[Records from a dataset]
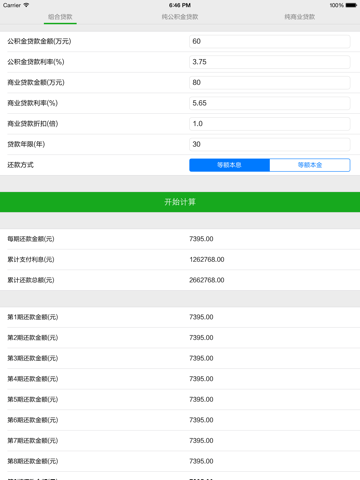 无论公积金贷款,商业贷款,还是组合贷款,不管是等额本息还是等额本金,一个工具全搞定。
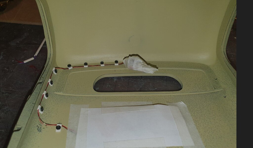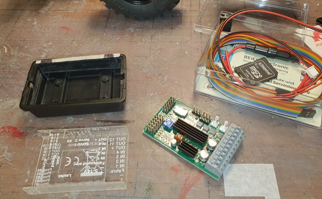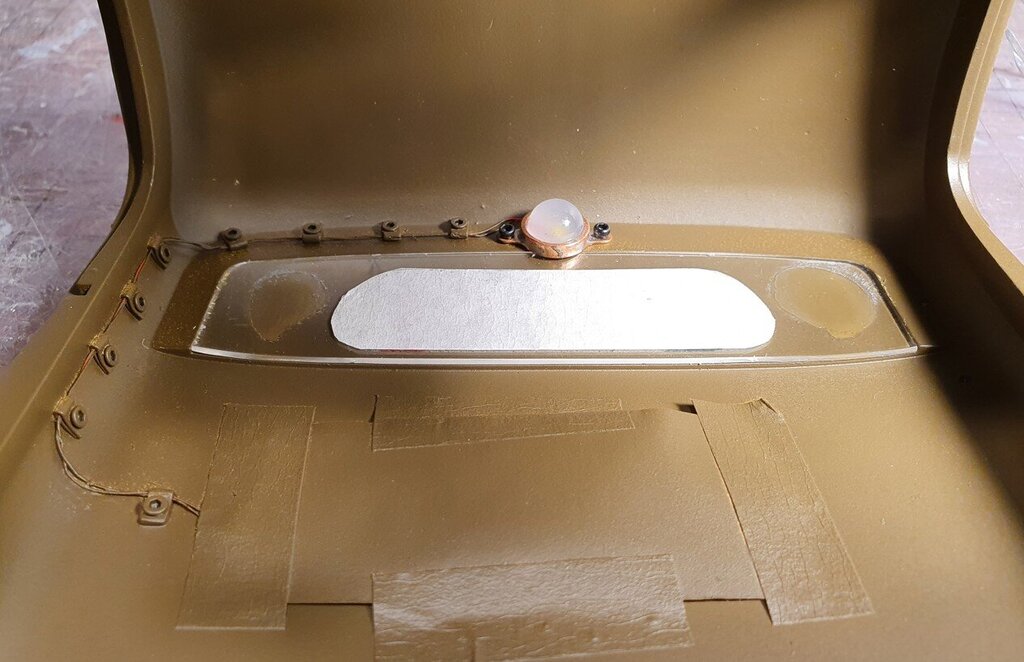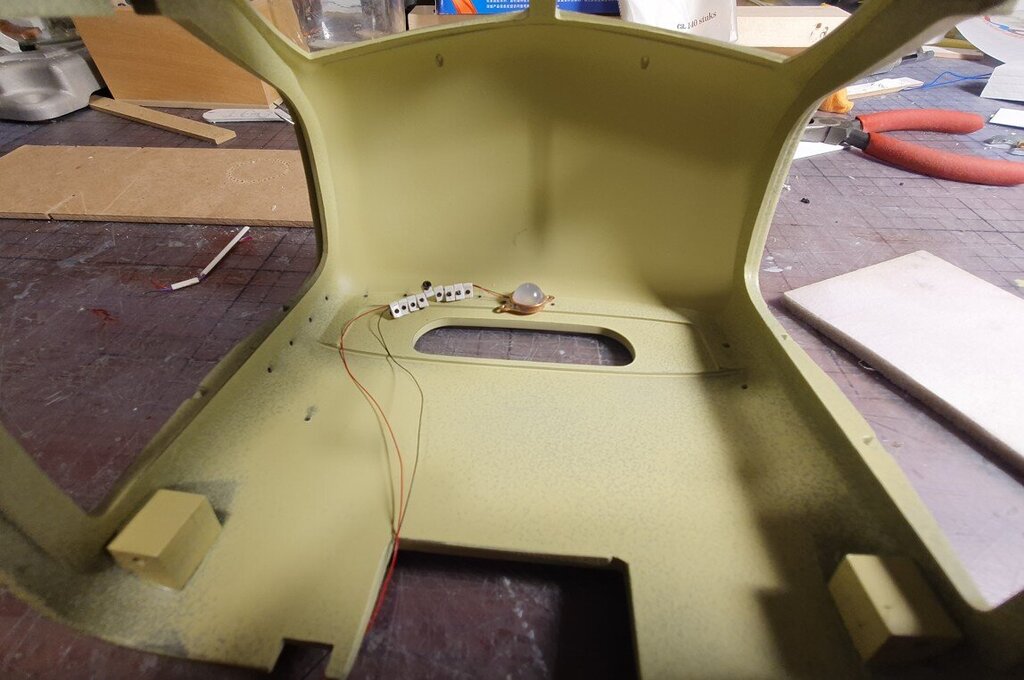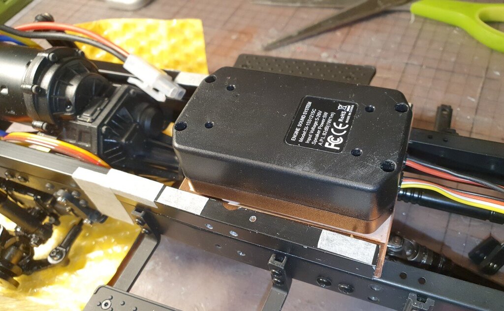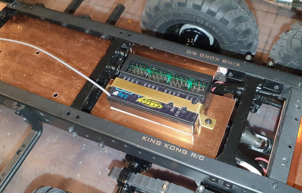 Coś nie tak z tym tematem. Nie wiem czemu nie dzieli się na strony. Przez to jest bardzo trudno oglądać. Nie znalazłem jak skontaktować sie z moderatorem. Może ktoś wie jak? Całe wyposażenie elektryczne schowam pod skrzynią pomiędzy podłużnicami ramy, pod kabiną, maską silnika oraz w zbiornikach paliwa. Dzięki temu cała skrzynia będzie pusta. Planowanie poprzedziłem wielkrotnymi próbami i doborem wyposażenia. Jako, że jest to prototyp, to zmian w międzyczasie było dużo i dalej są. W planie jest do zamontowania: 1. Oświetlenie - bez kierunkowskazów. System oparty na włącznikach RC (5 sztuk). Czyli jeden obwód lamp - jeden kanał na nadajniku 2. Moduł dźwięku, chciałem zainstalować CAR SENSE ES-ONE, nawet go kupiłem i wpasowałem, ale ostatecznie stwierdziłem, że daje on dźwięk zbyt zabawkowy. W ostateczności pokusiłem się o Beier Sound Module UCM-RC-2 3. Moduł dumu. Wykorzystam gotowy moduł od czołgu Heng Long 1:16 + ECS 30A 4. Serwo skrętu kół przednich 35 kg 5. Serwo obrotu kierownicy 0.45 kg/cm + rewerser + wzmacniacz 6. Silnik napędu głównego brushed 6V 540 80T, ESC 60A 7. Głośnik 5W + obudowa 8. odbiornik CARSON Reflex Stick Multi Pro LCD 14CH 9. Moduł nadawania sygnału do świateł przyczepy - G150 Wireless Lamp Control 4CH 10. ESC wciągarki 30A 11. Bateria Li-Ion 7.4V 3700 mAh 2S, 22x42x72 150 g No to po kolei...., albo i nie :)... Tu będzie głośnik... Jedna z przymiarek modułu CAR SENSE ES-ONE, który ostatczenie nie został zamontowany... Wnętrze tego modułu. Programowanie za pomocą kabla USB bezpośrednio z komputera.... W widoku od spodu kolejne osłony. Ni cnie może dodtykać wałów.... Pozostałe miejsca na elementy.... Tu jest miejsce na wszystkie elementy.... wytwornica dymu.... od lewej - wytwornica dymu, odbiornik, nadajnik do przyczepy... w wytwornicy musiałem pzebudować wyjście dymu, oraz ją zeszlifować z dołu i z góry w celu zmniejszenia wysokości. Maksymalna dostępna wysokośc wnętrza to 30 mm... wytwornica dymu wewnątrz.... mocowanie odbiornika.... planowanie rozmieszczenia listew połączeniowych dla bieguna dodatniego i ujemnego... uchwyt na baterię... obok baterii wskażnik z alarmem akustycznym niskiego poziomu napięcia przygotowanie do osadzenia modułu dźwięku w prawym zbiorniku paliwa. W lewym będą włączniki RC.... Ściany zbiornika zostały przefrezowane, aby moduł się ładnie zmieścił.... budowanie obudowy głośnika z twardego PCV grubości 2 mm dla zabawy zrobiłem bardzo długi kanał basowy. ... znalazłem głośnik o odpowiednich parametrach dźwięku, jak i wymiarach zewnętrznych. Głośnik jest od flat TV.... wnętrze głośnika wykleiłem matą głuszącą - ot tak dla zabawy ... u dołu jest podłużne ujście basu ..... Oj będzie grzmot.... głośnik zamontowany pod fotelem w szoferce.... Aby przyjemnie móc używać modelu, trzeba zrobić wyłącznik dla modułu dźwięku i dymu. W końcu nie zawsze chce się tego używać. Chciałem, aby włączniki były, ale aby ich zarazem nie było... Postanowiłem zrobić je w postaci dźwigni dla kierowcy. Użyłem zwykłe włączniki dwpozycyjne. Jako osłony dźwigni użyłem koszulki do linek. Reszta to podstawowe materiały - pręty mosiężne i rurki aluminiowe. Na główki dźwigni użyłem ..... koraliki jakich wiele w pudełku córki ... plastikowe miechy też zostały zastąpione gumowymi... i przymiarka w kabinie... Tylko dwie z czterech dźwigni będą aktywne... na podłogę położyłem gładka wykładzinę gumową grubości 1 mm. Prążkowanej nie udało mi się póki co znależć.... Tu jeszcze w folii ochronnej jak to w nowym aucie w fabryce bywa. Model nie będzie postarzany, jak to robi wielu kolegów. Ten będzie jak spod igły. Ot, takie marzenie robotników w niezaprzyjaźnionym kraju.... Pomalowałem kierownicę i wyposażyłem w drążek stalowy... W lusterkach zmieniłem wysięgniki na metalowe. Lusterka będą miały możlowość regulacji we wszystkie strony... końce od strony lusterek nagwintowałem... Kanapę wyłożyłem gąbką i obiłem skórą... A co, niech szweje mają komfortowo .... do klejenia użyłem butaprenu.... Wykonałem lampkę do oświetlenia szoferki. Obudowa z miedzi, rurka 12x1, a klosz z diody białej mlecznej 10 mm. Wewnątrz włożyłem diodę 1206 warm white. Diodę zalałem żywicą... teraz okablowanie w szoferce. Pasek PCV i wiertło 1 mm.... po wklejeniu szyby tylniej.... to brzydkie będzie za oparciem kanapy .... -
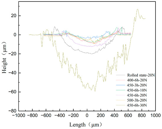 Figure 7 shows the two-dimensional contour diagrams of the rolled parts under different states and loads. It can be observed from the figures that the contours of the rolled parts in different states all show a certain degree of fluctuation along the length direction, which may be caused by changes in surface roughness or microstructure. When the rolled parts aged at 450 °C/6 h are subjected to loads of 10 N and 20 N, the fluctuation amplitude of the alloy’s contours is relatively gentle. However, under a load of 30 N, the fluctuation in the height direction is the most obvious for the rolled parts aged at 450 °C/6 h. This indicates that the surface of the Cu-Cr-Zr alloy will exhibit different depths under different loads after aging at 450 °C/6 h, suggesting significant differences in mass loss. After comprehensive evaluation, the samples aged at 450 °C/3 h and 450 °C/6 h show better wear resistance.
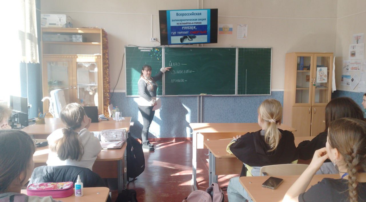 Педагог-организатор ГБОУ ЛНР "Рубежанская ОШ № 3" провела Всероссийскую антинаркотическую акцию "Сообщите, где торгуют смертью".
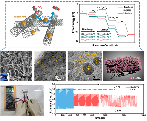通过在三维自支撑纤维素碳气凝胶表面合理构筑金属/碳界面实现高性能Li-CO2电池
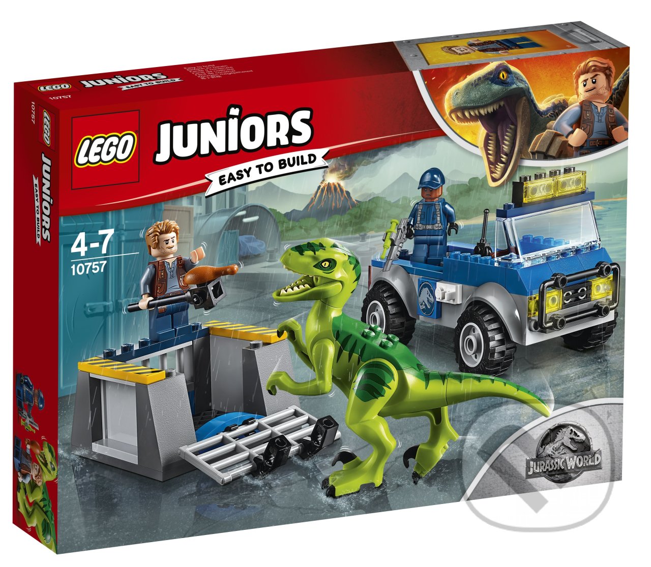 Uveďte svoje dieťa do vzrušujúceho sveta objavovania v dobrodružstve LEGO® Juniors Jurský svet s touto vzrušujúcou stavebnicou Záchrana raptora s nákladiakom, ktorá obsahuje karosériu pre rýchly štart a odnímateľnú klietku s otváracou bránou plus polohovateľného a zostaviteľného raptora s otváracou tlamou. Táto zábavná hračka tiež obsahuje jednoduchý návod na stavanie a hru na podporu budovania dôvery u detí vo veku 4 až 5 rokov. Stavebnica obsahuje minifigúrku Owena a stopára a figúrku raptora navyše.- Stavebnica obsahuje 2 minifigúrky: Owen a stopár.- Obsahuje terénny nákladiak s karosériou pre rýchly štart a nákladný priestor vzadu pre odnímateľnú klietku s otváracou bránou a priestorom pre zostaviteľného raptora.- Prilákaj raptora do klietky na kuracie stehienko na palici.- Zatvor bránu a uväzni raptora vnútri.- Zaisti klietku vzadu na nákladiaku a unikni pred vybuchujúcou sopkou.- Medzi doplnkami nájdeš uspávaciu pištoľ, vysielačku, palicu a kuracie stehienko.- Táto zábavná hračka je vhodná pre deti vo veku od 4 rokov.- Obsahuje ľahko zostaviteľné modely so základňou pre rýchly štart plus jednoduchú príručku na pomoc deťom pri stavaní a hre.- Stavebnice LEGO® Juniors sú plne kompatibilné so všetkými ostatnými stavebnicami LEGO.- Nákladiak meria viac než 7 cm na výšku, 14 cm na dĺžku a 7 cm na šírku.- Klietka meria viac než 4 cm na výšku, 7 cm na šírku a 6 cm do hĺbky.- Raptor meria viac než 7 cm na výšku, 12 cm na dĺžku a 3 cm na šírku.Počet kusov - 85Dolná veková hranica Odporúčanie - 4 RokyHorná veková hranica Odporúčanie - 7 RokyPožiadavky na batériu: Nie Raptor a záchranárske vozidlo.
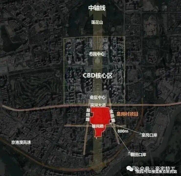 皇岗村改造项目,位于福田福民路与皇岗二街交汇处西北角,紧邻深圳地铁7号线皇岗村站,地处深圳中心的核心腹地。
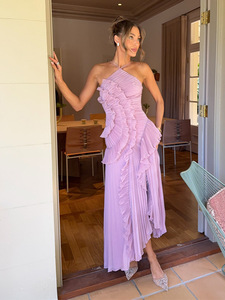 2025欧米の夏の女装の新型の気質の名媛のハスの葉の辺のしわは首のガーターのワンピースのロングスカートの女性を掛けます。
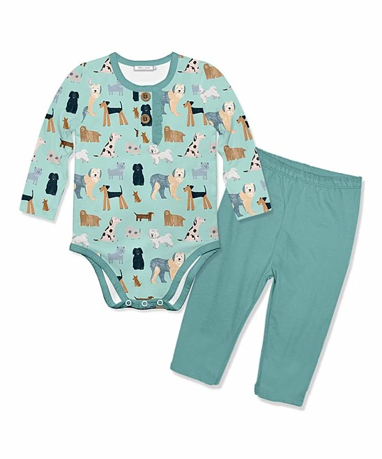 - Includes a mint dog bodysuit and Nile blue leggings (two pieces total)

EXERCISE DIRECTIONS » Could you write out, word for word, the lines from the one containing "皇岗村改造项目,位于福田福民" through the last line of the records, leaving out the pictures?

TASK RESPONSE »
 皇岗村改造项目,位于福田福民路与皇岗二街交汇处西北角,紧邻深圳地铁7号线皇岗村站,地处深圳中心的核心腹地。
 2025欧米の夏の女装の新型の気質の名媛のハスの葉の辺のしわは首のガーターのワンピースのロングスカートの女性を掛けます。
 - Includes a mint dog bodysuit and Nile blue leggings (two pieces total)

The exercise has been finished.